Records from a data collection:
=-=-=-=-=

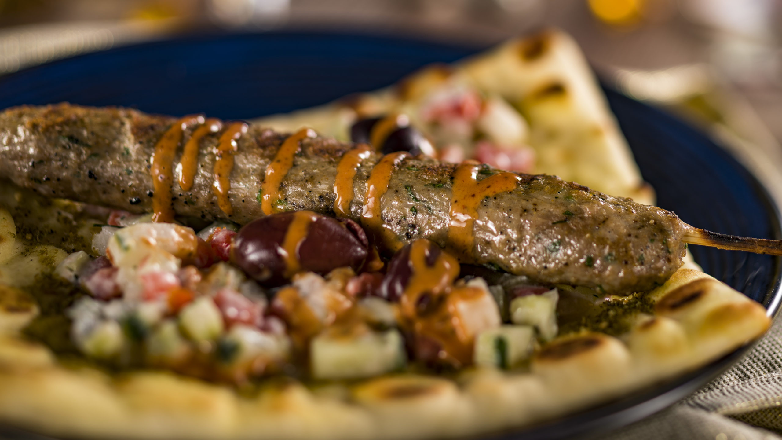 - Grilled Lamb Kefta Kebab and Grapes with Euro Cucumber, Red Pepper, Pickled Pearl Onions, and Harissa-Cilantro Dressing
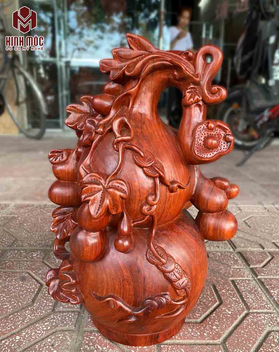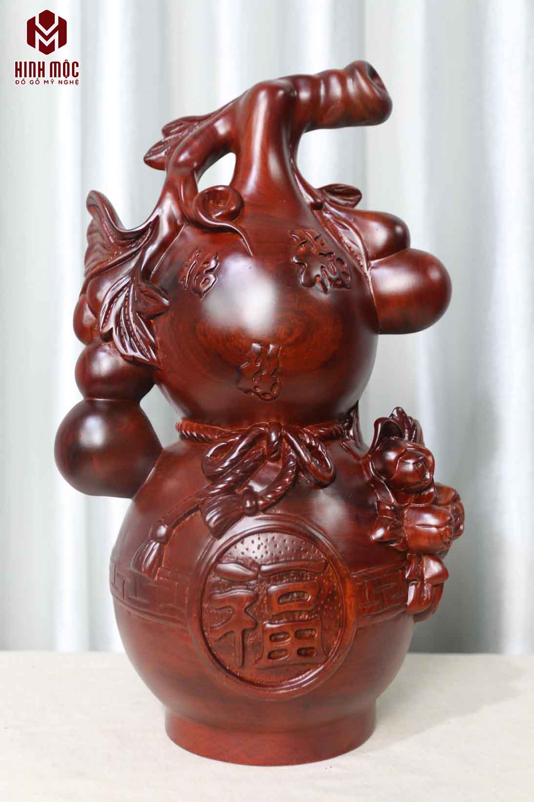 Đây là mẫu hồ lô được cực nhiều người lựa chọn bởi ý nghĩa vẹn tròn của nó. Trái hồ lô này có nhiều kích thước khác nhau, cao 30, 40 và 50cm, đục trên gỗ hương ta (hương Gia Lai). Sản phẩm đẹp, hài hòa, cân đối. Các tiêu chí về chiều cao, chiều ngang đều nằm trong khung đỏ tài lộc Lỗ Ban. Gỗ hương ta tuyển chọn, gỗ liền nạc, vân nhiều xoắn xuýt, mùi thơm dịu nhẹ. Hình trái đào, hoa hồng và chữ Phúc trên bình hồ lô gỗ này đều được gia công với sự sắc nét và tinh xảo rất cao.
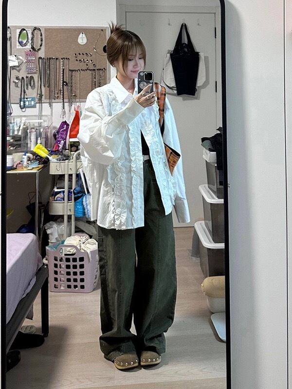 トップス シャツ ブラウス カジュアルシャツ フリル 長袖 レディースシャツ
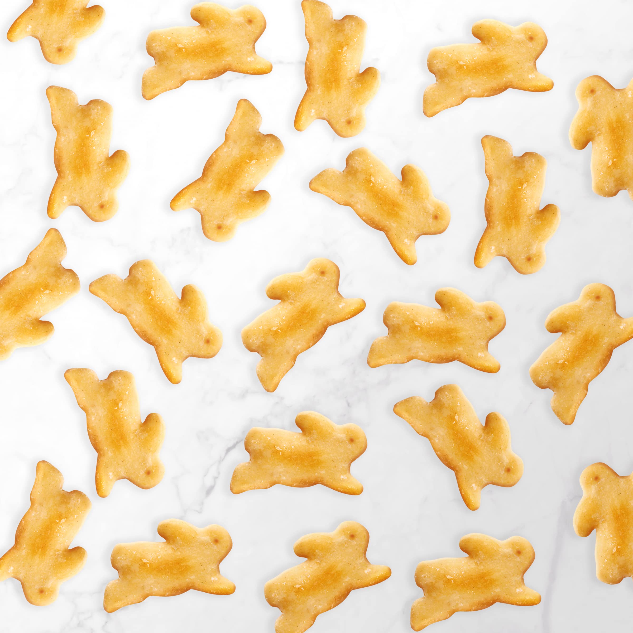 BAKED CRACKERS: Our baked bunny crackers are made with organic wheat and made with real cheese from cows not treated with rBST
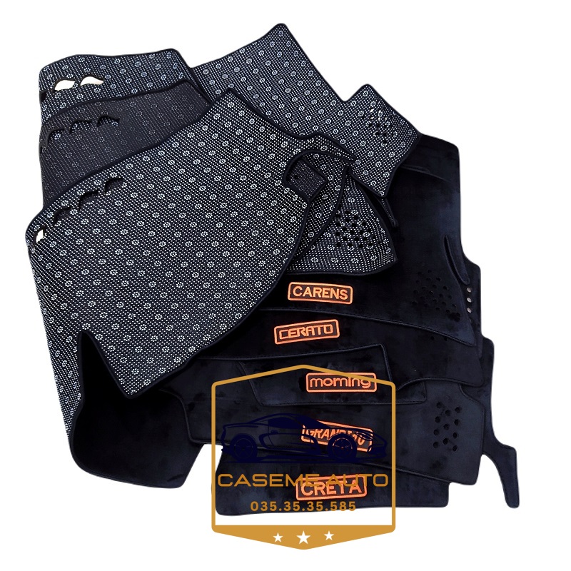 Đặc điểm: Chất liệu da cao cấp, Có đế chống trượt, Màu da vân các bon đen mịn màng Chất Thảm chống nắng taplo Da lượng như hình
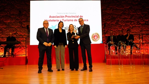 El galardón era recogido como representantes de la Asociación, por el presidente, Carmelo Bosque, la vicepresidenta de Hospedaje, Anabel Costas, y la persona encargada de gestionar los talleres durante todas las ediciones, Mariví Seral, quien se jubila tras años de dedicación incansable a estos talleres desde sus inicios.

=-=-=-=-=

*Task prompt*
Once the line containing "トップス シャツ ブラウス カジュアルシャツ フリル 長袖 レディースシャツ" is located, write out exactly that line and each one after it to the end of the records above, excluding pictures and nothing else.

*Output below*
 トップス シャツ ブラウス カジュアルシャツ フリル 長袖 レディースシャツ
 BAKED CRACKERS: Our baked bunny crackers are made with organic wheat and made with real cheese from cows not treated with rBST
 Đặc điểm: Chất liệu da cao cấp, Có đế chống trượt, Màu da vân các bon đen mịn màng Chất Thảm chống nắng taplo Da lượng như hình
 El galardón era recogido como representantes de la Asociación, por el presidente, Carmelo Bosque, la vicepresidenta de Hospedaje, Anabel Costas, y la persona encargada de gestionar los talleres durante todas las ediciones, Mariví Seral, quien se jubila tras años de dedicación incansable a estos talleres desde sus inicios.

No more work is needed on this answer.